### Material provided ###

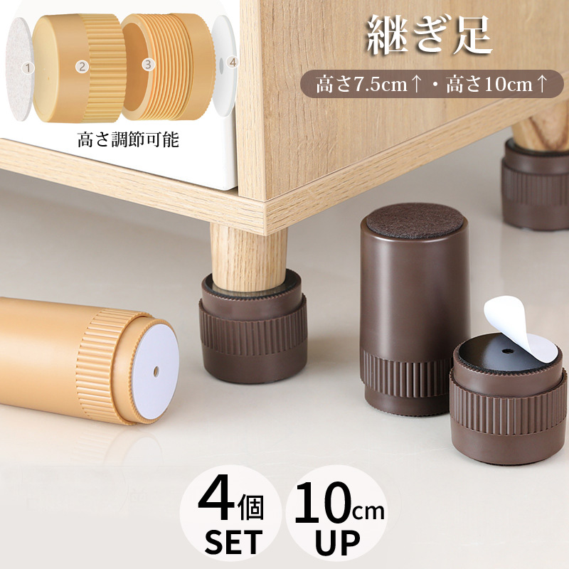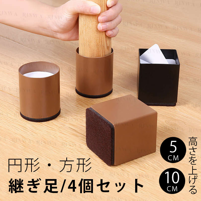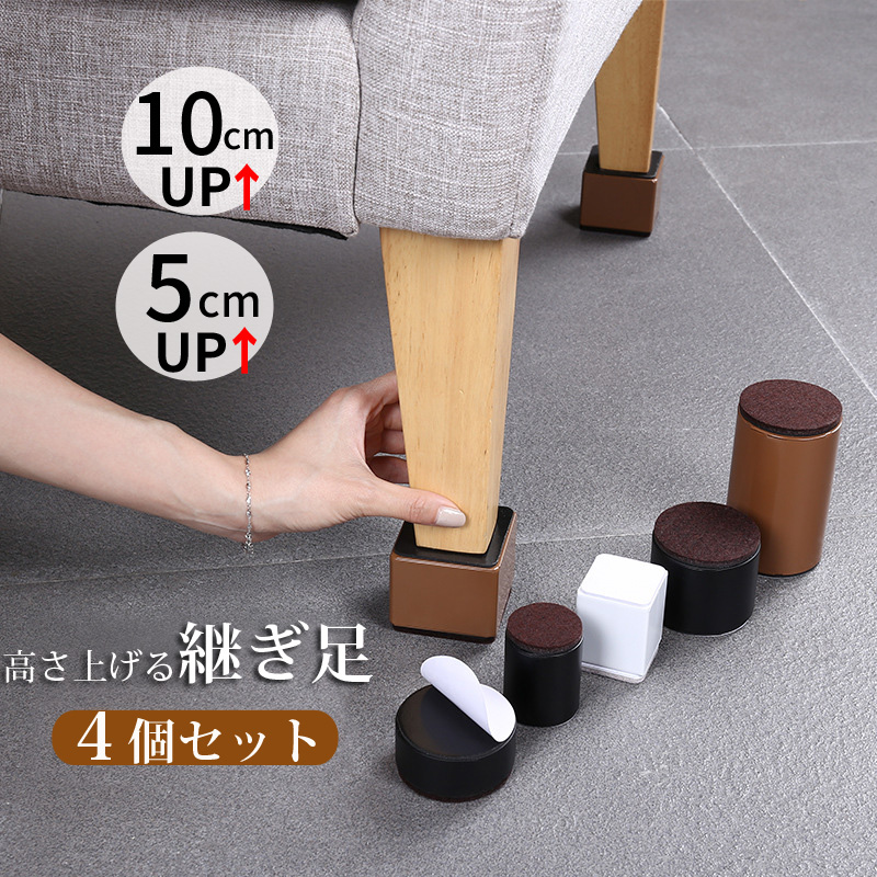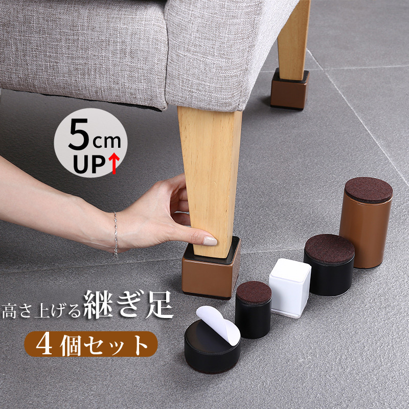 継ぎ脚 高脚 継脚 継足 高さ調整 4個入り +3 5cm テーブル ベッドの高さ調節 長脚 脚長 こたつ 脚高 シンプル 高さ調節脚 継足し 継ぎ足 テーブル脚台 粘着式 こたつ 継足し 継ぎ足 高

###
### Material provided ###

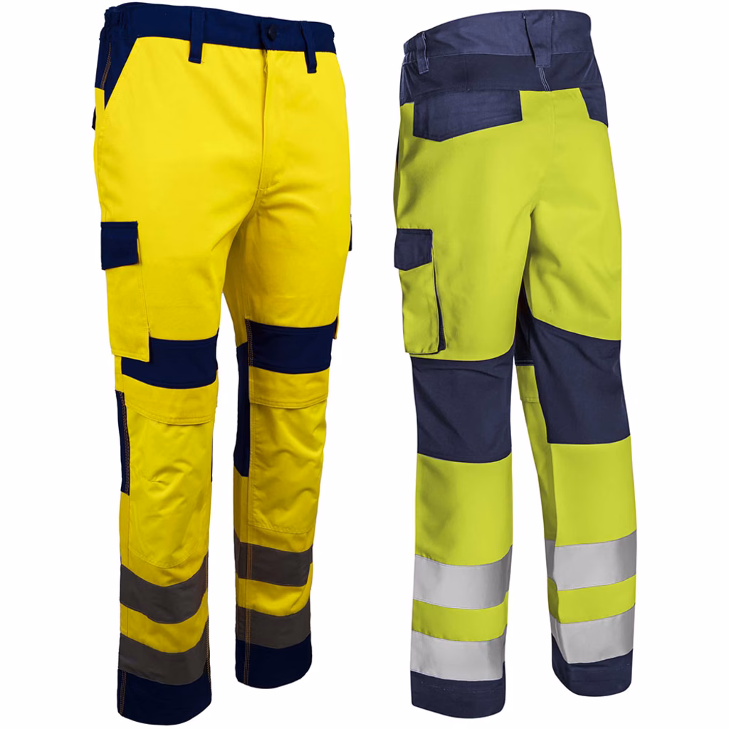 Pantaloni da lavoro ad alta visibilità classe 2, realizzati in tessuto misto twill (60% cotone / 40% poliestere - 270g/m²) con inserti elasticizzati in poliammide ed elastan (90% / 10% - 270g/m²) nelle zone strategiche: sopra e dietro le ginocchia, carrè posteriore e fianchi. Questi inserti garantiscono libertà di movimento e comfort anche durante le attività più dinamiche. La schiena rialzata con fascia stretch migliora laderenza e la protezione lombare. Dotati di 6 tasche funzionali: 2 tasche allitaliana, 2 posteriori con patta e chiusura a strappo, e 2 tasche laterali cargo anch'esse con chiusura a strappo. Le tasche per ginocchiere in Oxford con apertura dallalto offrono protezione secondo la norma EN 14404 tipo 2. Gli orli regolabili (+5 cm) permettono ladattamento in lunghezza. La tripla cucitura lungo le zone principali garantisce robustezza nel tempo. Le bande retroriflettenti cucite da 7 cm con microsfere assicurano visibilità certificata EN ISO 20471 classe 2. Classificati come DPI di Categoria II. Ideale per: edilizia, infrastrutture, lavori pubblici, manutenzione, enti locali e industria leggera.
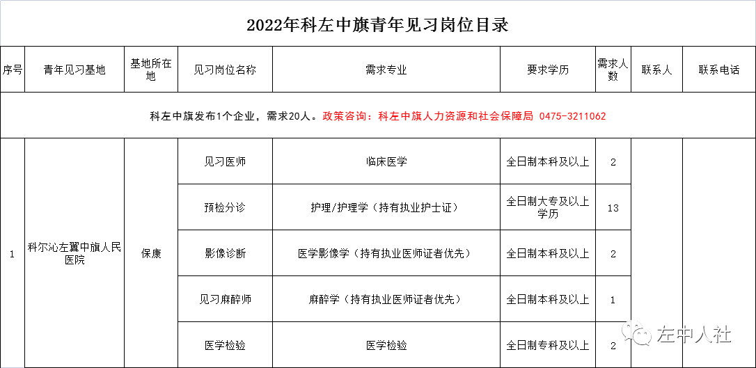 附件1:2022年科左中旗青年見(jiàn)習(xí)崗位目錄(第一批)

###

In the data above, take the line with "Pantaloni da lavoro", the line with "附件1:2022年科左中旗青年見(jiàn)習(xí)崗位目錄(第一批)", and every line between, and set them down exactly without pictures.

 Pantaloni da lavoro ad alta visibilità classe 2, realizzati in tessuto misto twill (60% cotone / 40% poliestere - 270g/m²) con inserti elasticizzati in poliammide ed elastan (90% / 10% - 270g/m²) nelle zone strategiche: sopra e dietro le ginocchia, carrè posteriore e fianchi. Questi inserti garantiscono libertà di movimento e comfort anche durante le attività più dinamiche. La schiena rialzata con fascia stretch migliora laderenza e la protezione lombare. Dotati di 6 tasche funzionali: 2 tasche allitaliana, 2 posteriori con patta e chiusura a strappo, e 2 tasche laterali cargo anch'esse con chiusura a strappo. Le tasche per ginocchiere in Oxford con apertura dallalto offrono protezione secondo la norma EN 14404 tipo 2. Gli orli regolabili (+5 cm) permettono ladattamento in lunghezza. La tripla cucitura lungo le zone principali garantisce robustezza nel tempo. Le bande retroriflettenti cucite da 7 cm con microsfere assicurano visibilità certificata EN ISO 20471 classe 2. Classificati come DPI di Categoria II. Ideale per: edilizia, infrastrutture, lavori pubblici, manutenzione, enti locali e industria leggera.
 附件1:2022年科左中旗青年見(jiàn)習(xí)崗位目錄(第一批)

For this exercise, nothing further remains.